• **Work to be completed**
The line with "Bring elegance and" marks the first line to copy, and the line with "BMW X6 Series" marks the last. Transcribe that stretch of the data below exactly, without pictures.

• **Source data**
--- --- ---
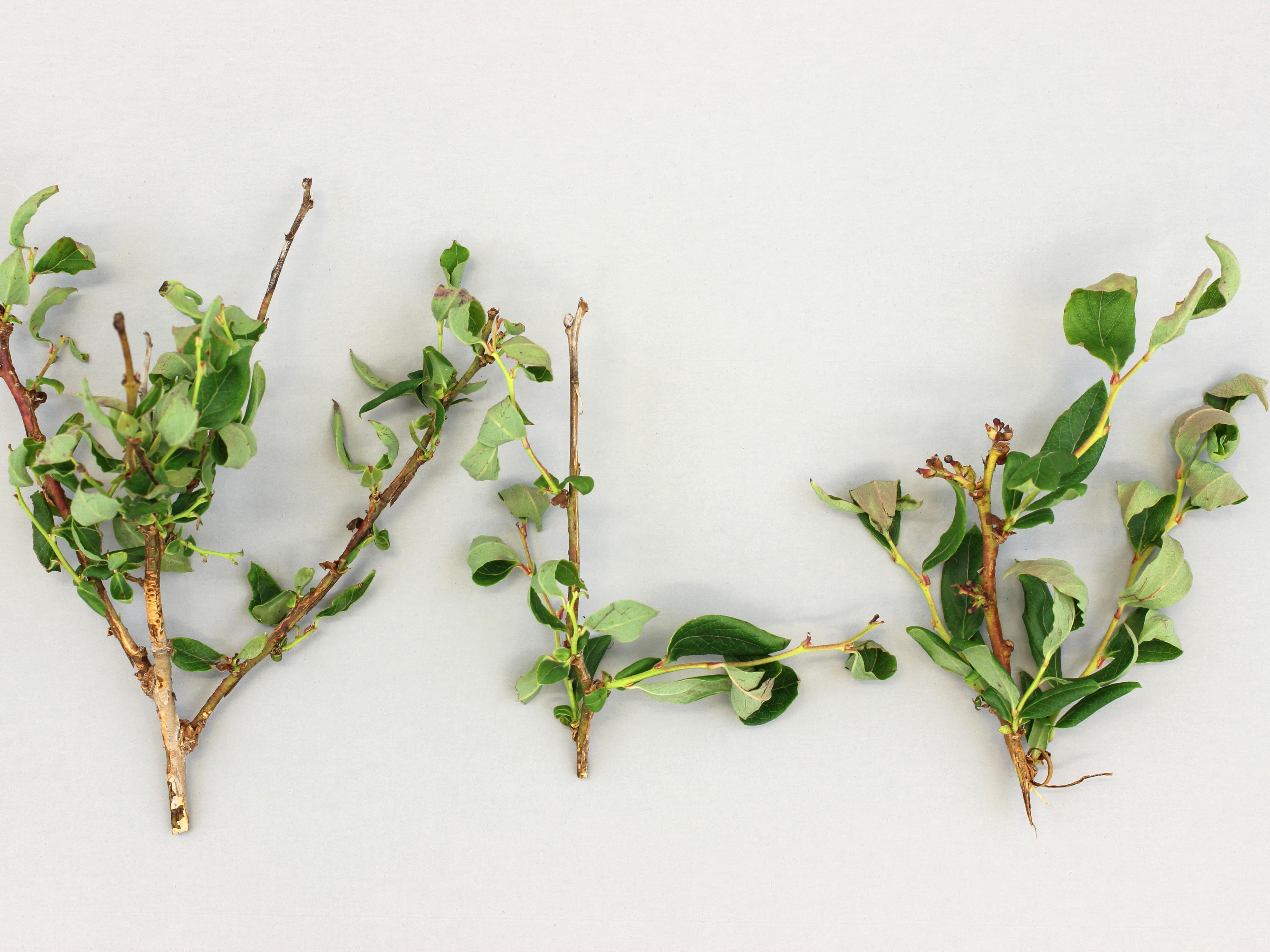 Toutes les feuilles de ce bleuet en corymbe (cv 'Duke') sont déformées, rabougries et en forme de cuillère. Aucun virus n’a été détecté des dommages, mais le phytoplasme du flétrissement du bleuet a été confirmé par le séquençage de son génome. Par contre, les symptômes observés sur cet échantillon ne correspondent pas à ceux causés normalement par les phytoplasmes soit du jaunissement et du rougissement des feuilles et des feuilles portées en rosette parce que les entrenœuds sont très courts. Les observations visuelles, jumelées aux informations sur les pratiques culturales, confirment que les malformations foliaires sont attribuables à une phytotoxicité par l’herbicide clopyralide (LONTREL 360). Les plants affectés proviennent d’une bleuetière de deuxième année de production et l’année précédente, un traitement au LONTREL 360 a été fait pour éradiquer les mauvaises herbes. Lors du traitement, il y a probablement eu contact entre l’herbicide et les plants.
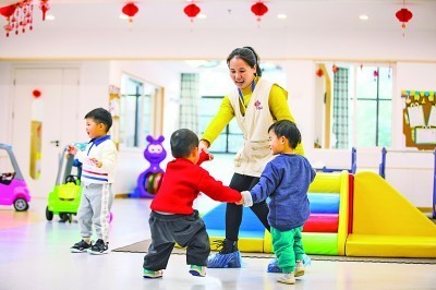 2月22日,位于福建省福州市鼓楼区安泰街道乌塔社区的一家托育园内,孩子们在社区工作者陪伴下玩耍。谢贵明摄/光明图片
--- --- ---
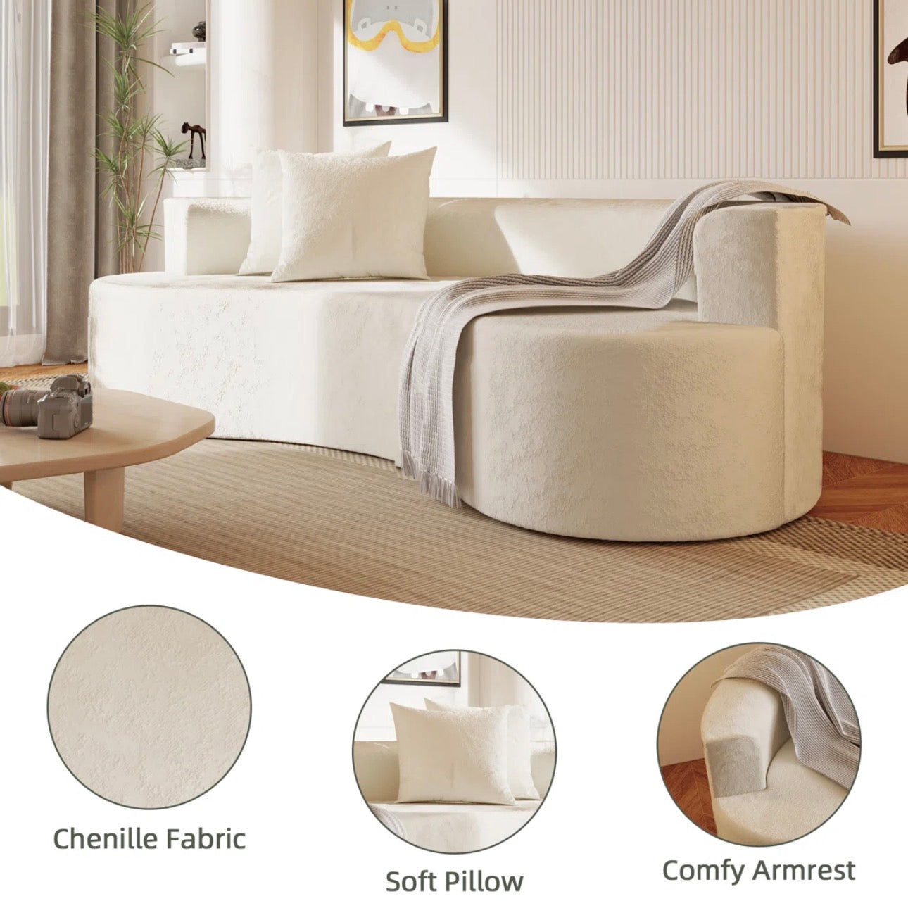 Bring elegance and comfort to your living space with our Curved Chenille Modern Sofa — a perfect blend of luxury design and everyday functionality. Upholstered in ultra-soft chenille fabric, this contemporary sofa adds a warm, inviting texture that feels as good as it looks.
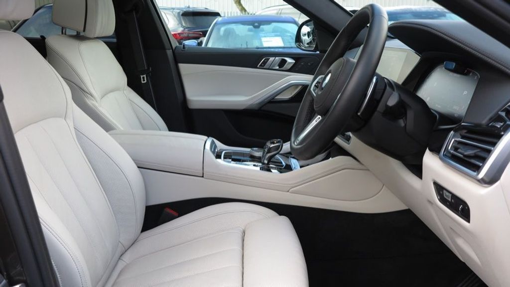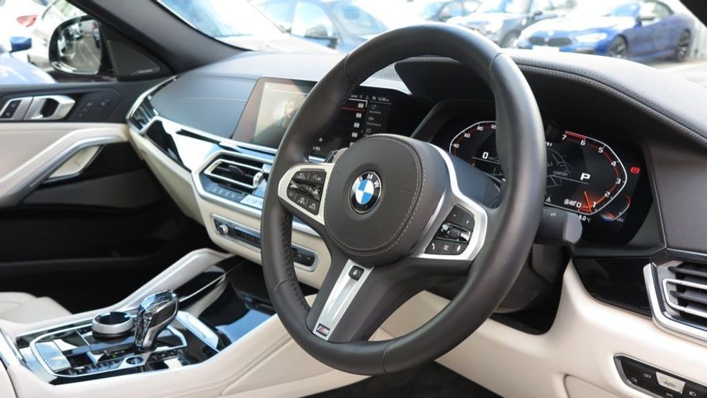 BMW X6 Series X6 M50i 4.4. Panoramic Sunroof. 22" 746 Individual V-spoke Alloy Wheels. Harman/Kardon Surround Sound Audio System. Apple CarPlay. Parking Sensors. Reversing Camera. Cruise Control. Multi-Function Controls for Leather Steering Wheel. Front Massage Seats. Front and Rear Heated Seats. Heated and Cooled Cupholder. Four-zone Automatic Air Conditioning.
--- --- ---
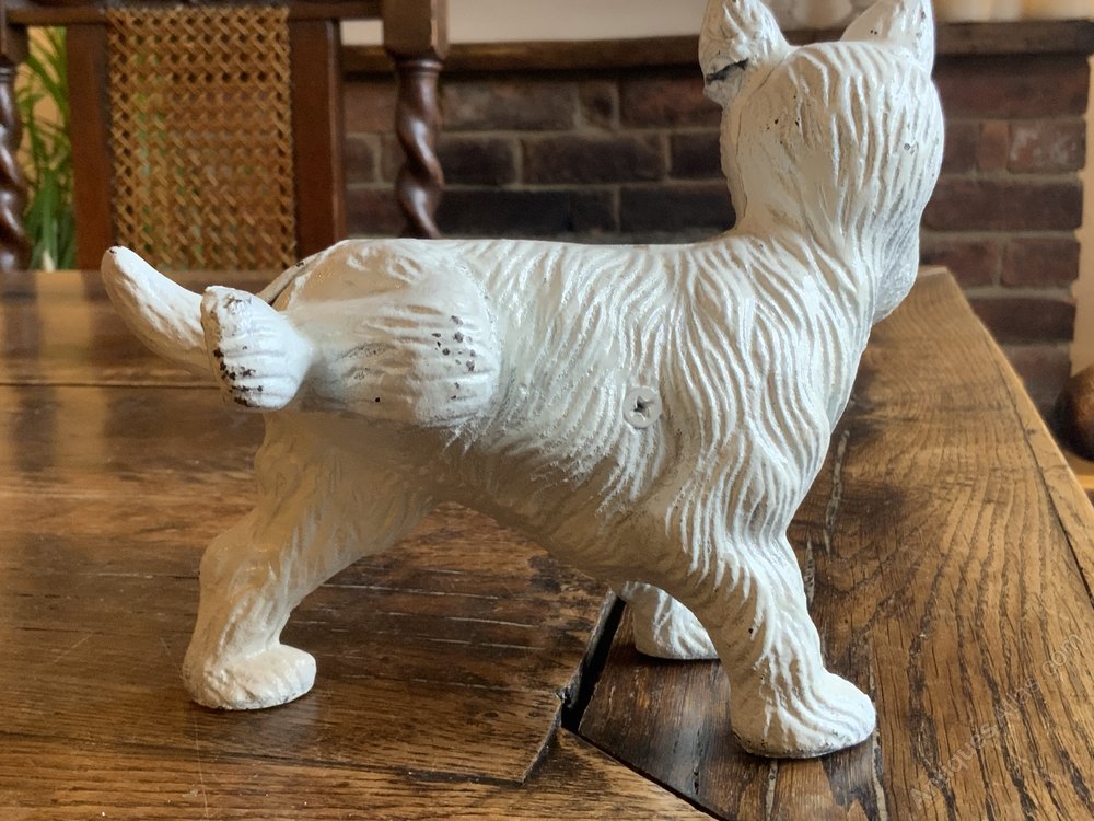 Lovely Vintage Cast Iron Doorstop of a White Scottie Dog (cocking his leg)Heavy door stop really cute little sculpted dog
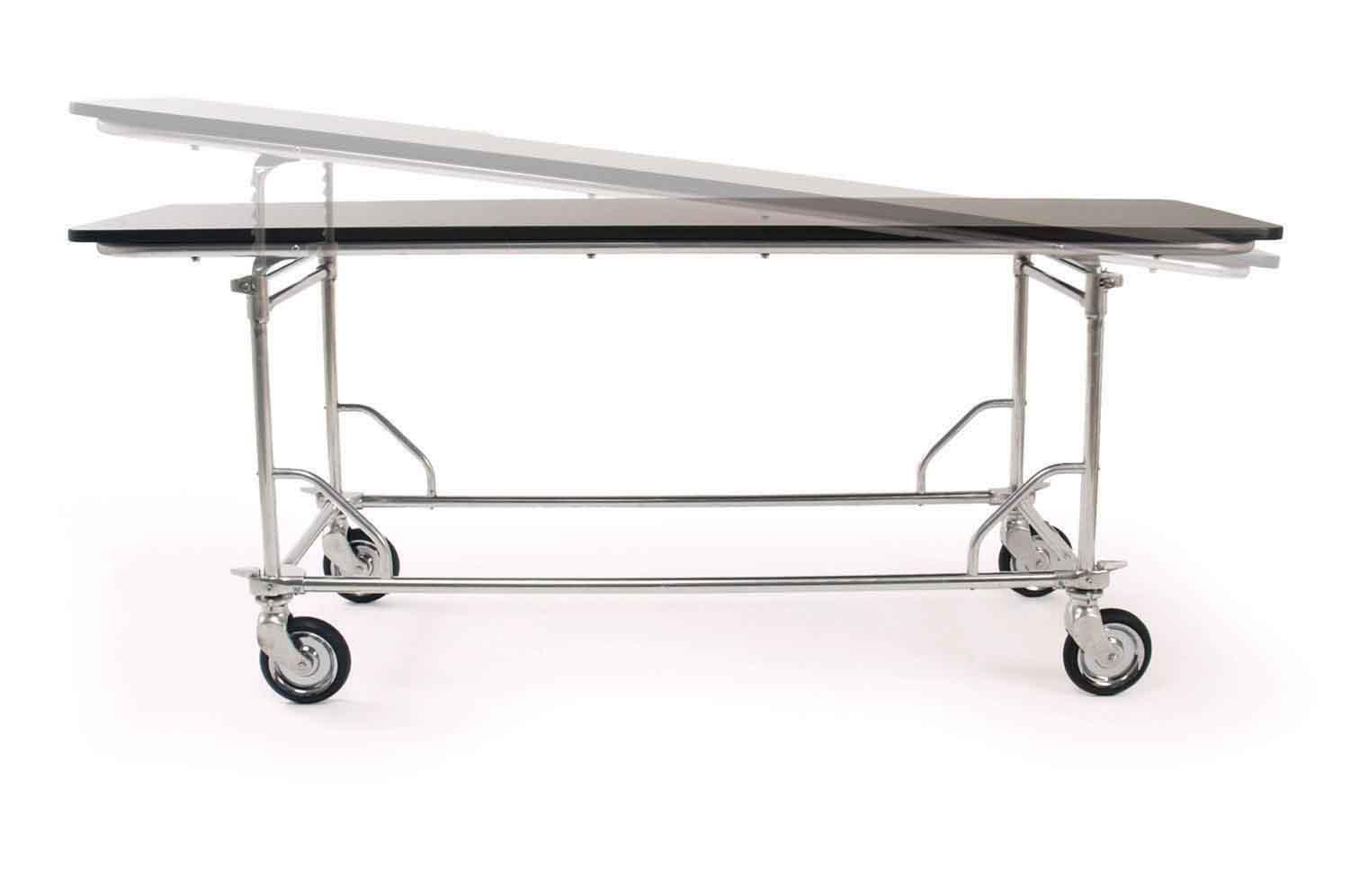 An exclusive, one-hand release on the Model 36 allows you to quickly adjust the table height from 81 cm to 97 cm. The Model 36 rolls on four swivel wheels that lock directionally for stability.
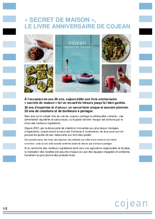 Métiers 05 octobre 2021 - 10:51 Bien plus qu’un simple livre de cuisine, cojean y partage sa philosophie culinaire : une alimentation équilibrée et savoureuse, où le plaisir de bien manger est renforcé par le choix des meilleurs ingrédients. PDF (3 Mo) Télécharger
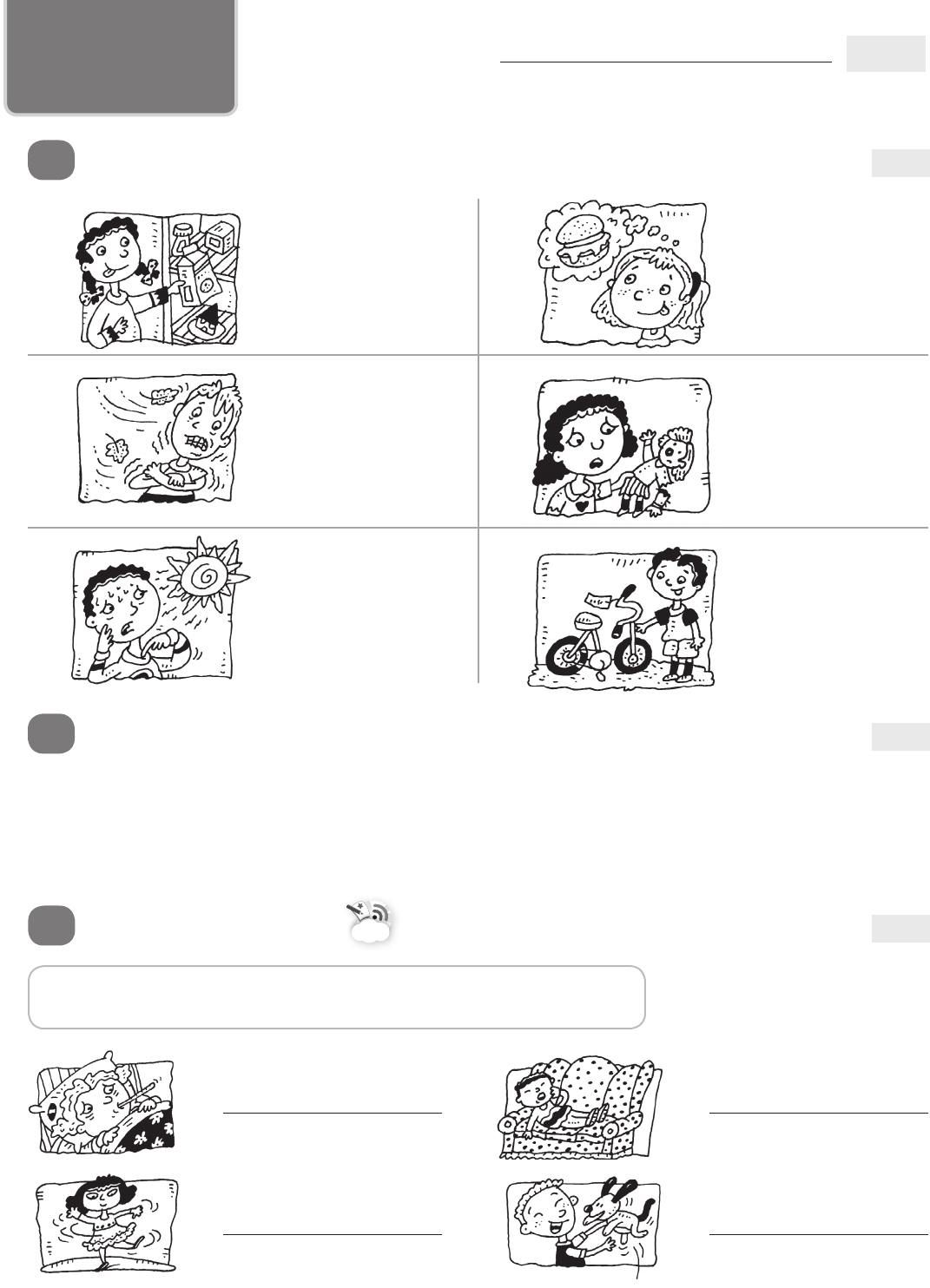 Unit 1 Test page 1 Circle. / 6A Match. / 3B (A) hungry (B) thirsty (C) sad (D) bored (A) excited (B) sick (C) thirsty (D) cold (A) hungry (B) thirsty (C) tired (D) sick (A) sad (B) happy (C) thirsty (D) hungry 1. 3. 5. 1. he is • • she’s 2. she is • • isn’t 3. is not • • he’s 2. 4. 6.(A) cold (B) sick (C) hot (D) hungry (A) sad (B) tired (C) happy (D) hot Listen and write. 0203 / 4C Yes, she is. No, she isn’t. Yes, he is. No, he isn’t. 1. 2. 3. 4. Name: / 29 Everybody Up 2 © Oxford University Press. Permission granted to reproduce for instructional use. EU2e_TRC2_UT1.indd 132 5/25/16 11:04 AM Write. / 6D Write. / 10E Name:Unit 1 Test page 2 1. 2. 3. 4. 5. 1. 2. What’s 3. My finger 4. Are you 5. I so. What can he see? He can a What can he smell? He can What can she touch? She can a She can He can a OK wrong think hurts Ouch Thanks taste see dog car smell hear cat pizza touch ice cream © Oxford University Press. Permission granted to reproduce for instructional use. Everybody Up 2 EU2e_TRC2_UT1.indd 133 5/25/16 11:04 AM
--- --- ---
• **Written solution**
 Bring elegance and comfort to your living space with our Curved Chenille Modern Sofa — a perfect blend of luxury design and everyday functionality. Upholstered in ultra-soft chenille fabric, this contemporary sofa adds a warm, inviting texture that feels as good as it looks.
 BMW X6 Series X6 M50i 4.4. Panoramic Sunroof. 22" 746 Individual V-spoke Alloy Wheels. Harman/Kardon Surround Sound Audio System. Apple CarPlay. Parking Sensors. Reversing Camera. Cruise Control. Multi-Function Controls for Leather Steering Wheel. Front Massage Seats. Front and Rear Heated Seats. Heated and Cooled Cupholder. Four-zone Automatic Air Conditioning.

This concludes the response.